I had left the brown envelope on the foot of my bed, I saw, and went back to pick it up. As I turned back to the door, I thought about the walk before me and the condition of the house—and, no doubt, its facilities—at the end of it. “I'll be with you in a moment, Holmes,” I said, and stepped into the marble-and-gilt room. When I had finished, I dried my hands, patted my hair (unnecessarily—the bob minded neither wind nor neglect) and strode to the door.

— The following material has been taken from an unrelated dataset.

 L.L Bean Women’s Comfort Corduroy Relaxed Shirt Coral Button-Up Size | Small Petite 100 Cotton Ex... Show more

“The keys?” Holmes reminded me.

“They're—Damn it, where have I put them now?” I spotted the manila rectangle, half hidden between the mirror and a vase of flowers, and picked it up curiously: The wretched thing eluded me so persistently, it might have been possessed. With a spasm of irritation, I ripped it open and tipped its contents into Holmes' outstretched palm. His long fingers closed around the simple silver ring with half a dozen keys that ranged from a delicate, inch-long silver one to an iron object nearly the length of my hand. I tossed the scraps of paper in the direction of the trash basket, and marched out into the corridor.

Twice on the way I took a wrong turn; both times I looked around to find Holmes standing and watching me from up the street. The first time he had a frown on his face, the second a look of concern; when we finally reached the house itself he stopped before the wide gate, studying the keys in his hand.

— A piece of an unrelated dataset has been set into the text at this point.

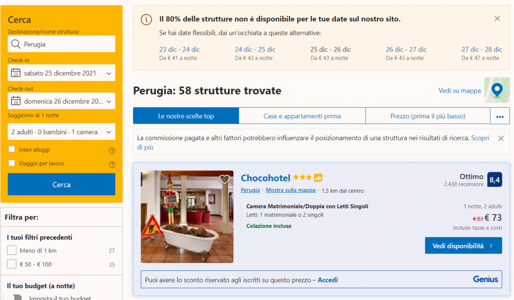 Di seguito ti suggeriamo alcune date per soggiornare al Chocohotel di Perugia al miglior prezzo possibile!

“Russell, perhaps it would be best for me to enter first.”

“Open the gate, Holmes.”

He raised his eyes to my face for a moment, then slid the big iron key inside the padlock's hole and twisted. The metal works had clearly been maintained—oiled, perhaps, on the gardener's yearly visits—and the key turned smoothly.

I stepped onto the sunken cobblestones of the drive, my nerves insisting that I was approaching the lair of some creature with teeth and claws. I could feel eyes upon me, and not simply those of the guardian neighbour across the street. Yet there was no movement at any of the windows, no evidence of traffic apart from the footprints and crushed vegetation Holmes and I had left the day before. With Holmes at my back I walked towards the front door—and nearly leapt into his arms with a shriek when the branches above us exploded with sudden motion: three panicked doves, fleeing this invasion of their safe sanctuary.

I forced a laugh past my constricted throat, and gestured for Holmes to precede me to the door.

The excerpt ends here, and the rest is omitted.